DATA EXTRACT>
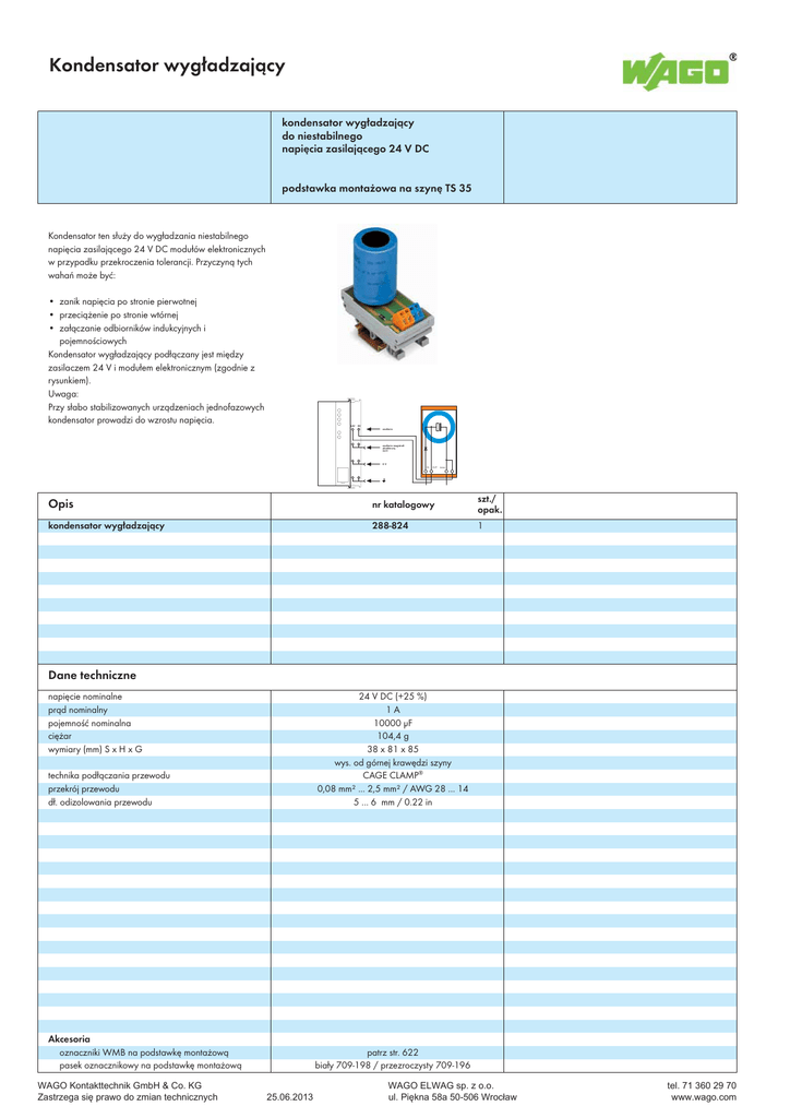 10 Kondensator wygładzający 566 kondensator wygładzający do niestabilnego napięcia zasilającego 24 V DC podstawka montażowa na szynę TS 35 Kondensator ten służy do wygładzania niestabilnego napięcia zasilającego 24 V DC modułów elektronicznych w przypadku przekroczenia tolerancji. Przyczyną tych wahań może być: • zanik napięcia po stronie pierwotnej • przeciążenie po stronie wtórnej • załączanie odbiorników indukcyjnych i pojemnościowych Kondensator wygładzający podłączany jest między zasilaczem 24 V i modułem elektronicznym (zgodnie z rysunkiem). Uwaga: Przy słabo stabilizowanych urządzeniach jednofazowych kondensator prowadzi do wzrostu napięcia. 24V 0V zasilanie zasilanie magistrali obiektowej 24 V 0V IN OUT masa Opis nr katalogowy szt./ opak. kondensator wygładzający 288-824 1 Dane techniczne napięcie nominalne prąd nominalny pojemność nominalna ciężar wymiary (mm) S x H x G technika podłączania przewodu przekrój przewodu dł. odizolowania przewodu 24 V DC (+25 %) 1A 10000 μF 104,4 g 38 x 81 x 85 wys. od górnej krawędzi szyny CAGE CLAMP® 0,08 mm² ... 2,5 mm² / AWG 28 ... 14 5 ... 6 mm / 0.22 in Akcesoria oznaczniki WMB na podstawkę montażową pasek oznacznikowy na podstawkę montażową patrz str. 622 biały 709-198 / przezroczysty 709-196 :$*2.RQWDNWWHFKQLN*PE+&R.* :$*2(/:$*VS]RR =DVWU]HJDVLĊSUDZRGR]PLDQWHFKQLF]Q\FK XO3LĊNQDD:URFáDZ WHO ZZZZDJRFRP
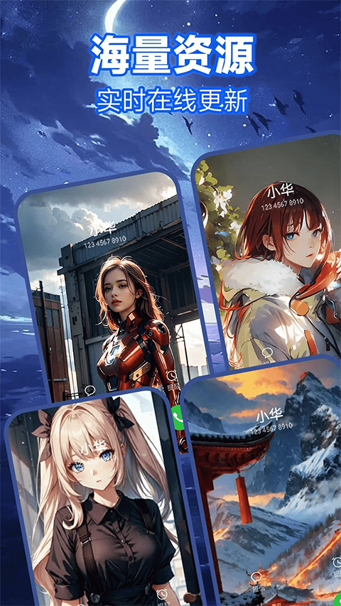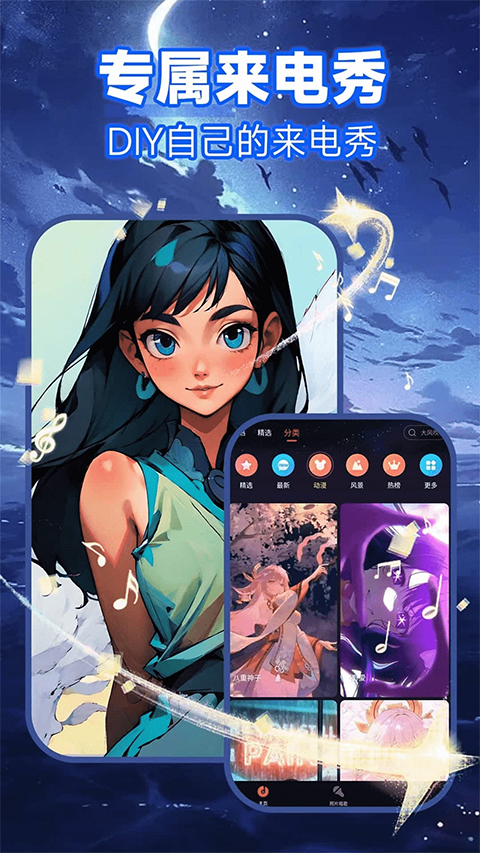 1、为爱人设定一个爱心来电主题吧,当他/她来电,伴着甜蜜的铃声亮起充满爱意的屏幕,你会感觉更甜蜜。为爸妈设定一个来电主题吧,看到他们的来电,心里倍加温馨。为朋友设定一个来电主题吧,幽默风趣的友人来电铃声伴着响起,看到就充满快乐。 2、100W+动态壁纸来电背景,炫酷个性、唯美风景、萌宠可爱、网红明星、卡通动漫,每天更新来电主题1W+,让您有更多选择! 3、收集了时下最火最热的歌曲铃声任你更换,设置自己专属的个性来电铃声,精细铃声分类,原创,翻唱,恶搞,影视,动漫,抖音网红热歌,流行金曲,影视热曲,动漫游戏,短信闹铃,DJ舞曲,搞笑另类,网络神曲,伤感语录,网友上传等,热门歌曲铃声、彩铃(炫铃),每日更新10000+!来电秀视频铃声设置教程
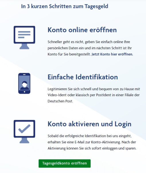 Wichtig zu beachten ist, dass es sich bei dem Tagesgeldkonto um ein reines Onlinekonto handelt. Die Kontoeröffnung und -führung erfolgen ausschließlich über das Internet.
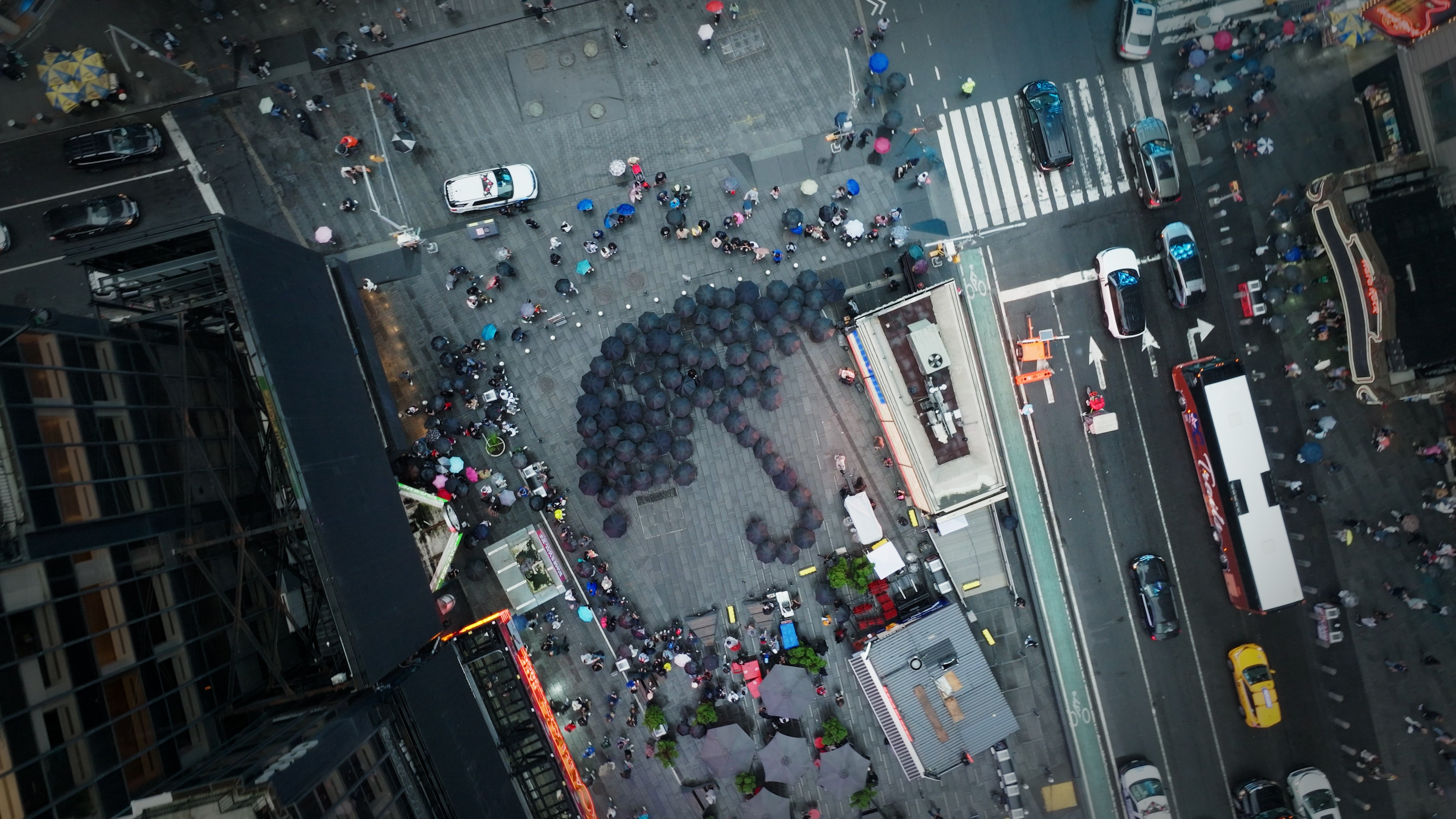With only 15 minutes of live Times Square billboards, we had to nail this shoot the first time - my kind of challenge. To achieve huge sweeping shots of the 100 dancers, I utilized a Technocrane and coordinated the first-ever NYPD/FAA-approved drone flight over people in Times Square. My dance background was essential in working with choreographer John Heginbotham to craft movement specifically for camera. My favorite puzzle was creating the Umbrella Academy logo from above using 100 umbrella-wielding performers in real time. I pre-visualized the moment in 3D using Vectorworks, which gave the entire team confidence and allowed us to map the complicated movement onto the real world on the shoot day with ease. I know Times Square inside and out, so even the rain couldn’t slow us down.

WHAT IS BEING ASKED>
A word-for-word repeat of the lines from the line with "Wichtig zu beachten" to the last line of the data, both ends included and pictures left out, is all that should appear.

ANSWER BOX>
 Wichtig zu beachten ist, dass es sich bei dem Tagesgeldkonto um ein reines Onlinekonto handelt. Die Kontoeröffnung und -führung erfolgen ausschließlich über das Internet.
With only 15 minutes of live Times Square billboards, we had to nail this shoot the first time - my kind of challenge. To achieve huge sweeping shots of the 100 dancers, I utilized a Technocrane and coordinated the first-ever NYPD/FAA-approved drone flight over people in Times Square. My dance background was essential in working with choreographer John Heginbotham to craft movement specifically for camera. My favorite puzzle was creating the Umbrella Academy logo from above using 100 umbrella-wielding performers in real time. I pre-visualized the moment in 3D using Vectorworks, which gave the entire team confidence and allowed us to map the complicated movement onto the real world on the shoot day with ease. I know Times Square inside and out, so even the rain couldn’t slow us down.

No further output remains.